Only one stretch of the data is wanted: the line containing "El día 01 de", the line containing "もみ殻とシルバーが入ったドラ", and every line between them, copied exactly.

• [Data for processing]
▼

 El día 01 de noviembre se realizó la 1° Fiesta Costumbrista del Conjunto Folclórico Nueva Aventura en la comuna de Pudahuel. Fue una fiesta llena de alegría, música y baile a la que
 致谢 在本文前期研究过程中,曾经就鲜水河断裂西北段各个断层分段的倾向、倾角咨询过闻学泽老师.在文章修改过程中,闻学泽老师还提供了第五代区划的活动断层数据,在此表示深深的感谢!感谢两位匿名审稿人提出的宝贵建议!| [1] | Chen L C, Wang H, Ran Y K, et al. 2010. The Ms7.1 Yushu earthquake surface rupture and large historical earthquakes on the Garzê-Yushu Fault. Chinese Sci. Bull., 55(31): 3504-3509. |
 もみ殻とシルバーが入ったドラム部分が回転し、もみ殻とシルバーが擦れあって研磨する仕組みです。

▲
▼

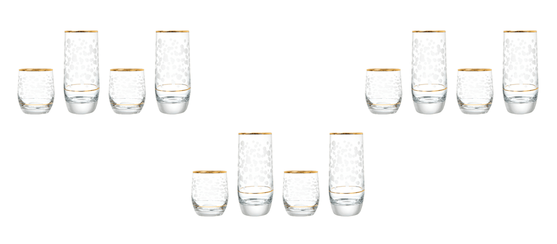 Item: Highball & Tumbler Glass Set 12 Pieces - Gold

▲

• [Task result]
 El día 01 de noviembre se realizó la 1° Fiesta Costumbrista del Conjunto Folclórico Nueva Aventura en la comuna de Pudahuel. Fue una fiesta llena de alegría, música y baile a la que
 致谢 在本文前期研究过程中,曾经就鲜水河断裂西北段各个断层分段的倾向、倾角咨询过闻学泽老师.在文章修改过程中,闻学泽老师还提供了第五代区划的活动断层数据,在此表示深深的感谢!感谢两位匿名审稿人提出的宝贵建议!| [1] | Chen L C, Wang H, Ran Y K, et al. 2010. The Ms7.1 Yushu earthquake surface rupture and large historical earthquakes on the Garzê-Yushu Fault. Chinese Sci. Bull., 55(31): 3504-3509. |
 もみ殻とシルバーが入ったドラム部分が回転し、もみ殻とシルバーが擦れあって研磨する仕組みです。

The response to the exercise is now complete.